Things are still changing, as I’m recognizing ingrained “training” and countering it. Like the day, only a few months ago, when I realized I was rushing through a store and stopped in the middle of an aisle, frozen by the realization that I was still acting as if he were at home growing progressively angrier at my absence. There was NO ONE, other than me, who cared where I was or what I was doing. Yes, I intentionally slowed down and chose to enjoy the process.
So, side note: When you’re coming out of an abusive relationship, realize that it will take time to deal with all your baggage. That was a heavy backpack I’d not even realized I was wearing.
So many wonderful things have happened in the past year. Relationships that had been strained (because of him) have been growing increasingly stronger. My emotional health has improved unimaginably. And my physical health, TIA aside, has been great too.

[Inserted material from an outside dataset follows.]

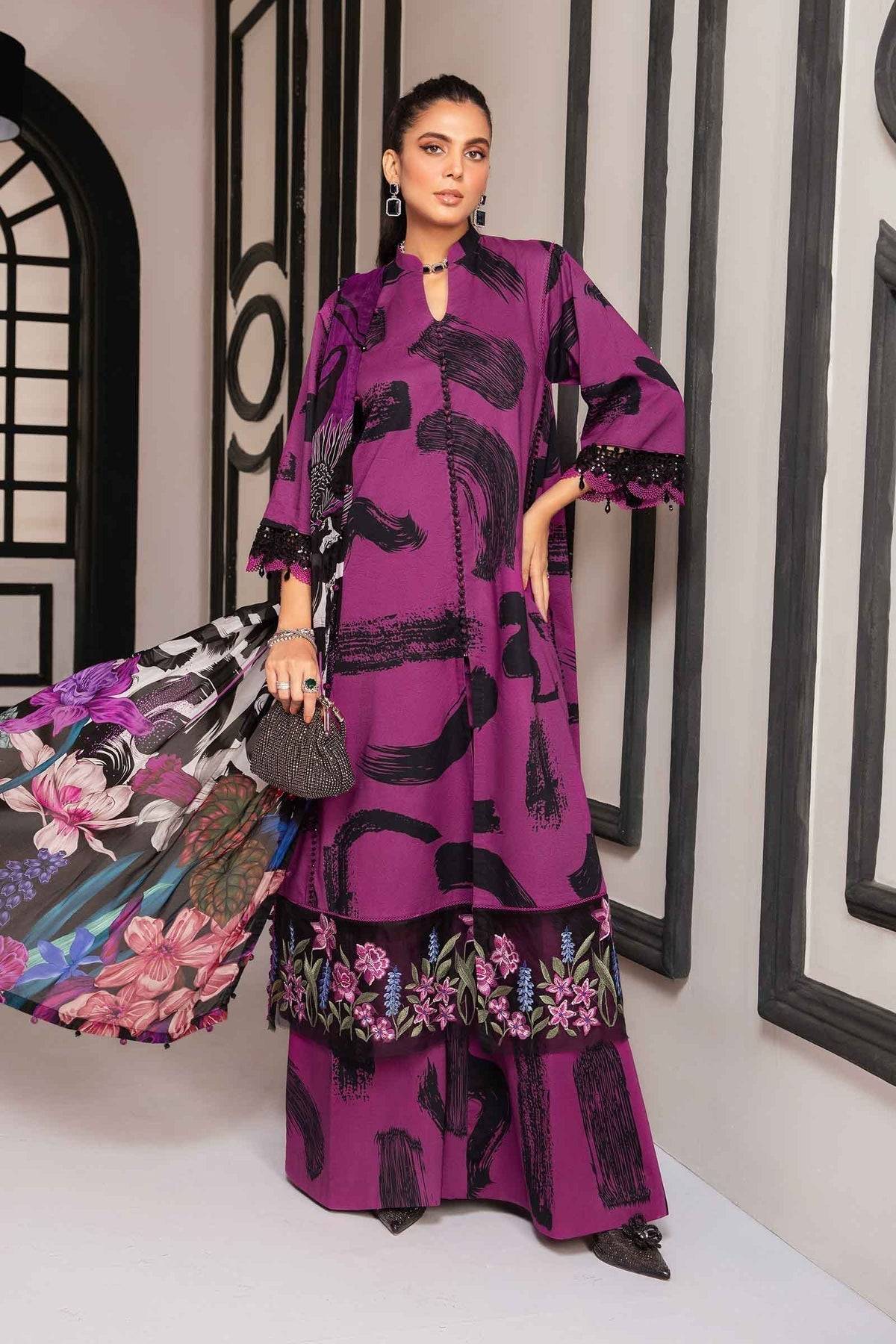 Rich and elegant, this Maria. B purple outfit from the M Print Eid Edit Collection features a printed lawn shirt accentuated with embroidered organza pattis I & II. The printed cambric trouser and luxurious printed silk dupatta complete the ensemble, creating a perfect balance of festive charm and sophistication for Eid and special gatherings.

Where my body is concerned, I’ve had more money and mental real estate to invest in taking care of me. I’d tried before, because I knew I had to stay healthy to keep him healthy, but his care had always been the priority. Now I am at a place where I know what works for me and I’m able to plan to maintain. For instance, knowing I’ll go months without widows’ benefits, I’ve been buying my key supplements in advance. Part of them anyway. I could never have done that before.

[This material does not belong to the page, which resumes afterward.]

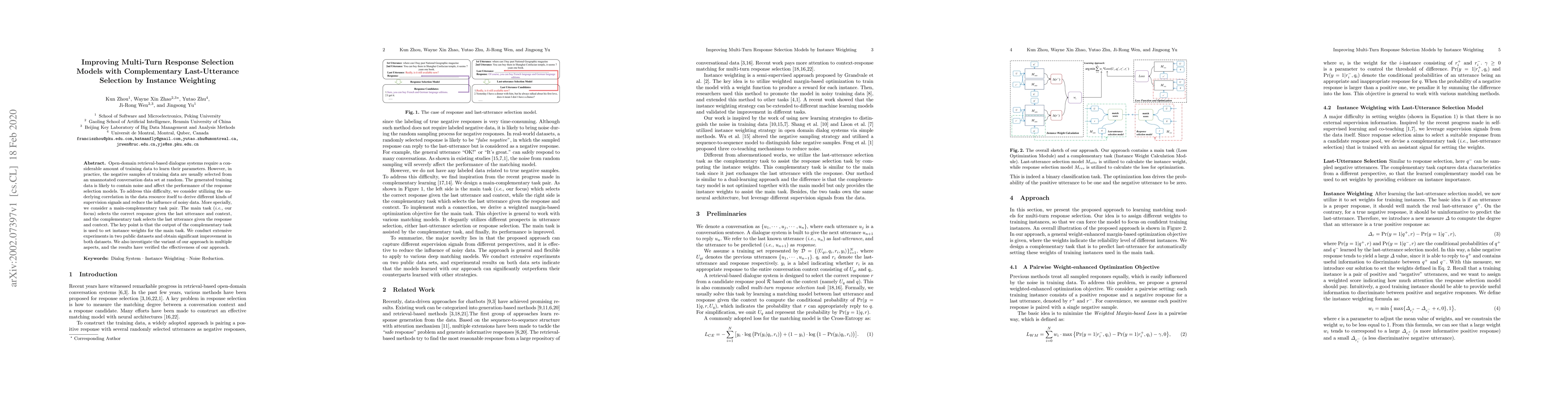 This paper proposes a method to improve multi-turn response selection models by using complementary last-utterance selection with instance weighting to reduce noise from training data. The approach shows significant performance gains in two public datasets and demonstrates the effectiveness of the proposed technique.

The biggest change is peace. I always tried to stay focused on God, and had His gift of peace, but the peace that comes from no constant strife and no 24/7 television? That is something I still delight over. My home is so quiet most of the time that…it’s bliss.
And it’s true. I really don’t own a television and it’s by choice. Many people think I’m nuts, but on those rare occasions when I’m in the mood, like during this season of The Voice, I watch with my sister on the couch that’s only steps away. (And yes, I’m glad Huntley won, though I felt the last four all could have.)

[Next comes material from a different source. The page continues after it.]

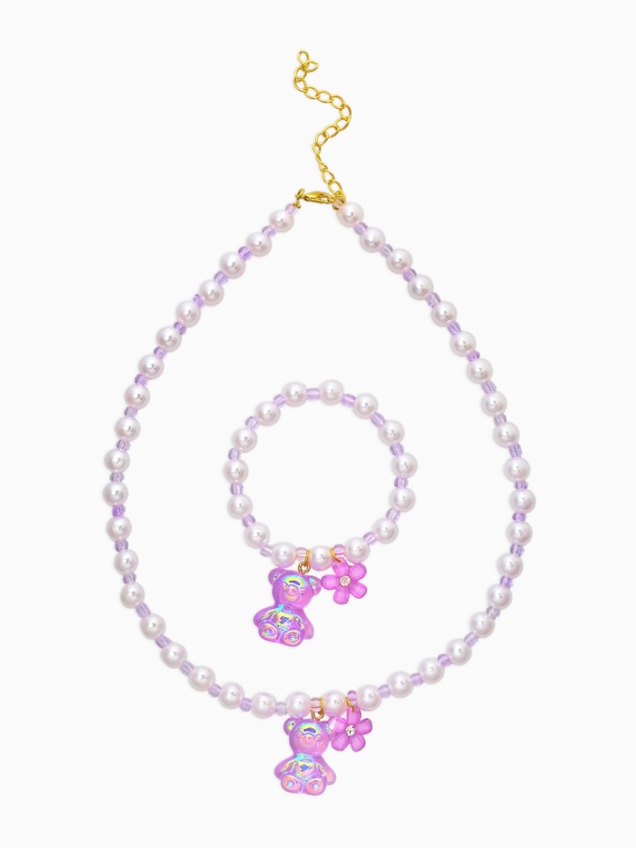 Набор детский "Выбражулька" 2 пред-а: бусы, браслет, мармеладный мишка, бело-фиолетовый

I’ve been asked if I plan to stay in my tiny home until Jesus comes back. Yes, unless God has a different plan, I do. I am happier here than I have been anywhere. I hate housework, and this requires almost none. I love silence and this gives me much. I have family right here, and love the casual time I spend with them.
Yeah, that’s a big part of why I’m so thankful this Christmas season. Casual fellowship with family is a beautiful thing. It doesn’t have to be planned; it just happens. Even my grandson pops in on occasion, sometimes with his fiancé, and that sort of thing never would have happened before. Frankly, it would have made me uncomfortable on many levels back when Jack ruled the house.
As I celebrate Jesus this season and look to 2024 with anticipation, my heart is full. There were so many years when… Nah, not even going to think about those years. They’re over. God has brought me into a new season.
“Look, the winter is past, and the rains are over and gone. The flowers are springing up, the season of singing birds has come, and the cooing of turtledoves fills the air.”
Song of Songs 2:11-12 NLT
Celebrating Jesus!
Tammy C
I am happy you are doing so well. I know the silence and love it too. I also love the freedom to spontaneously change my plans and stay out all day (and night) if I want to. Going months without your widows pension? I thought widows pension was continued until social security kicks in.
Ok, if this shows up multiple times in different places, I did something wrong. I actually responded as soon as I approved your comment, but I’m not seeing it.
Survivor’s (AKA Widow’s) benefits can start at 60, and roll over to regular Social Security at 65. All of that is true. BUT.
If you work, which I do, until you turn…67?…you only get a percentage of the benefits. How much you get is based on how much you make, of course.
But here’s the kicker. It’s not that each check is a percentage of what you would get if you weren’t working. It’s that you only get a certain percentage of checks. For example, in 2023 I didn’t start “earning” until May and didn’t get my first check until June. I’m pretty sure 2024 will see me checkless again from February through May.